=== What is being asked ===
Below are the entries. Transcribe exactly the lines from the one with "New Women’s Original" through the one with "为深入学习贯彻习近平新时代中", ends included, and leave out all others.

=== Dataset extract ===
┄┄┄┄┄┄┄┄┄┄

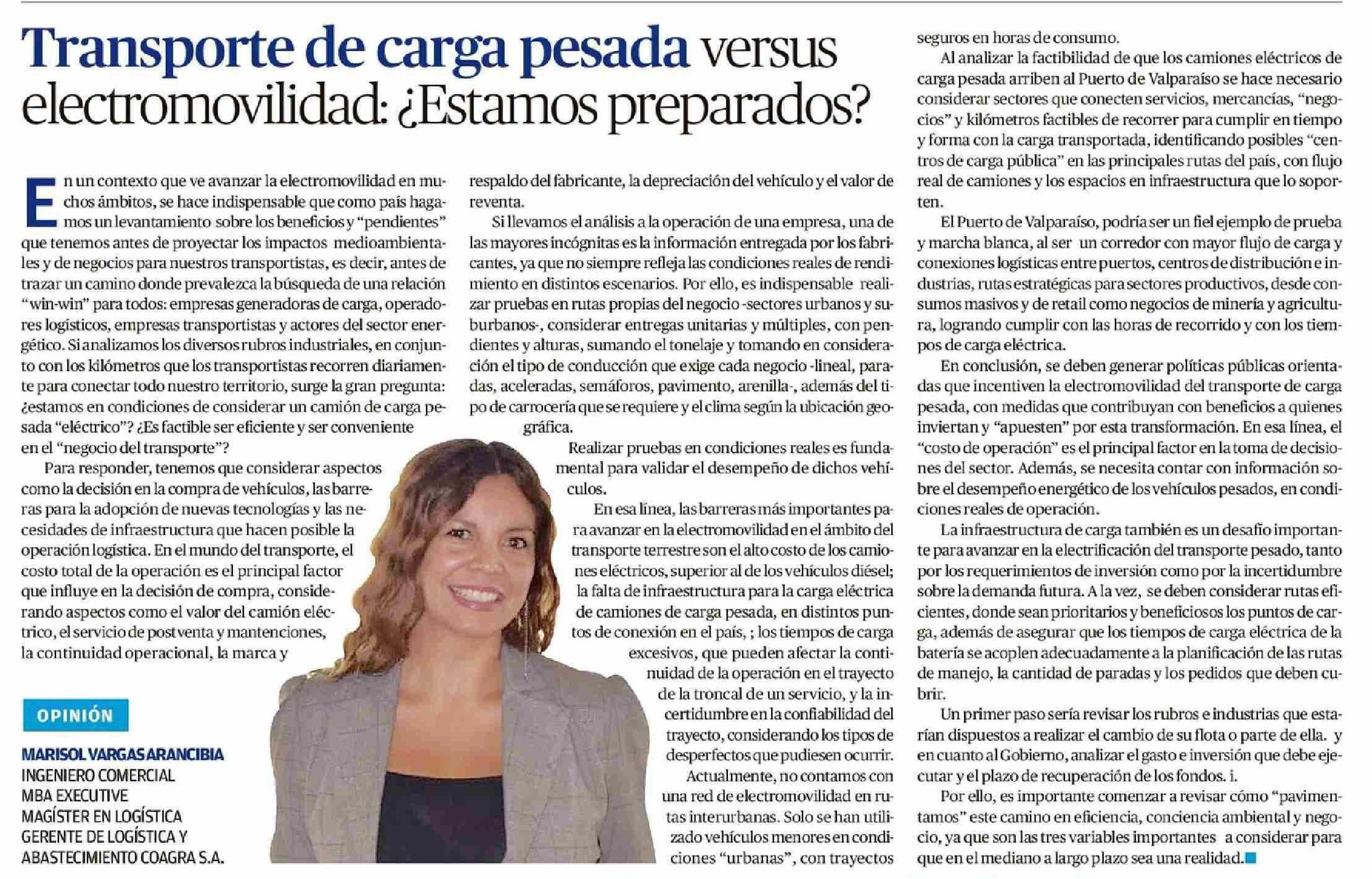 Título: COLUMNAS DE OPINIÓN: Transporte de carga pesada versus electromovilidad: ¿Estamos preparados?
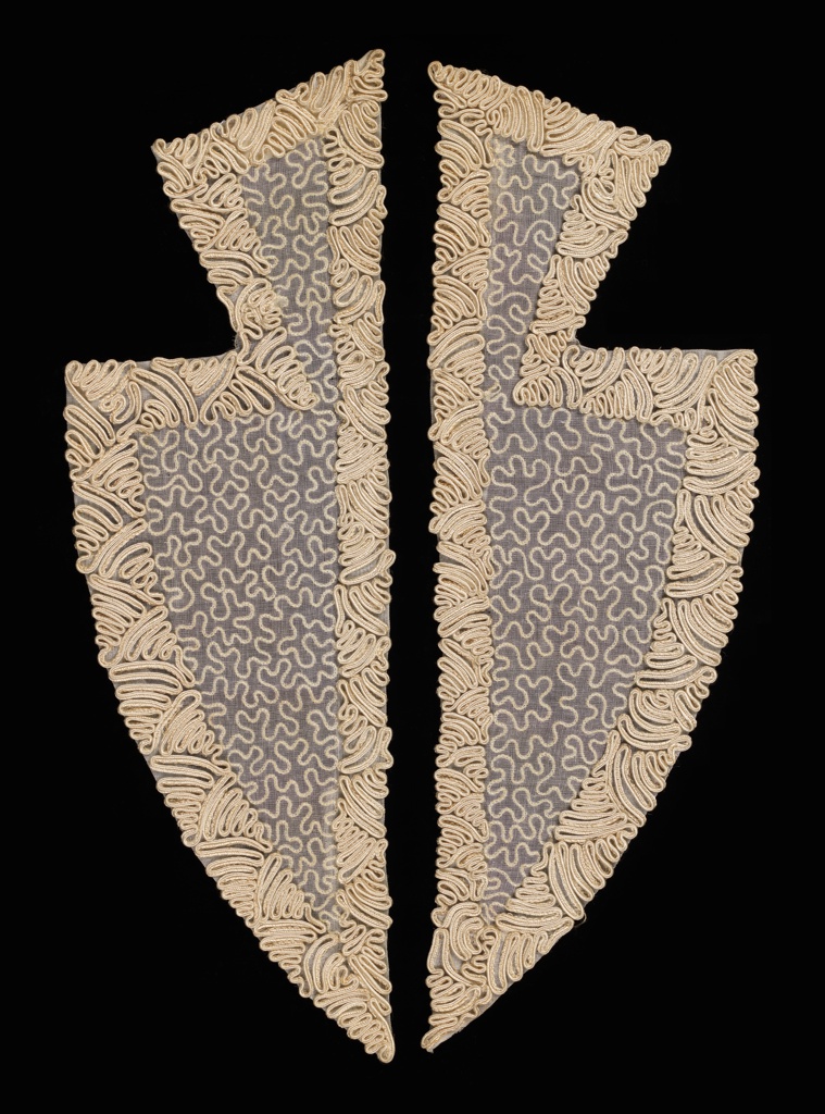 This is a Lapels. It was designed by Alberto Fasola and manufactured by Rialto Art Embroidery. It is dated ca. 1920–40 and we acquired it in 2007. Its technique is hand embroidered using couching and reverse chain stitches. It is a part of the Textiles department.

┄┄┄┄┄┄┄┄┄┄

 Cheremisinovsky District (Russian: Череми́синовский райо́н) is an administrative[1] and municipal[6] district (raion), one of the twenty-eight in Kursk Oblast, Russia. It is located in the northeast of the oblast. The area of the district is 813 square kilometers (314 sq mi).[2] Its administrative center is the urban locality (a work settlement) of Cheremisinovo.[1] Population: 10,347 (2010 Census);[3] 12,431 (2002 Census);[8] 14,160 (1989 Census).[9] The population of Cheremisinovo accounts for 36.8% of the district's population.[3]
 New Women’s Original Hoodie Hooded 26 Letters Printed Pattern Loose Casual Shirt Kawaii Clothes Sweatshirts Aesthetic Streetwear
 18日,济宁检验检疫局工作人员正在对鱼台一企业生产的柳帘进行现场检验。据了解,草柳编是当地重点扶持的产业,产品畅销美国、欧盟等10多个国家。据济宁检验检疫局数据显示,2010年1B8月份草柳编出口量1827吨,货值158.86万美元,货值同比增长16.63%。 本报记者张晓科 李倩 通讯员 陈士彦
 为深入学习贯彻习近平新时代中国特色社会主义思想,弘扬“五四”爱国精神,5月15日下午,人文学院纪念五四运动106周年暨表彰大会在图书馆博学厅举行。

┄┄┄┄┄┄┄┄┄┄

=== Answer to this exercise ===
 New Women’s Original Hoodie Hooded 26 Letters Printed Pattern Loose Casual Shirt Kawaii Clothes Sweatshirts Aesthetic Streetwear
 18日,济宁检验检疫局工作人员正在对鱼台一企业生产的柳帘进行现场检验。据了解,草柳编是当地重点扶持的产业,产品畅销美国、欧盟等10多个国家。据济宁检验检疫局数据显示,2010年1B8月份草柳编出口量1827吨,货值158.86万美元,货值同比增长16.63%。 本报记者张晓科 李倩 通讯员 陈士彦
 为深入学习贯彻习近平新时代中国特色社会主义思想,弘扬“五四”爱国精神,5月15日下午,人文学院纪念五四运动106周年暨表彰大会在图书馆博学厅举行。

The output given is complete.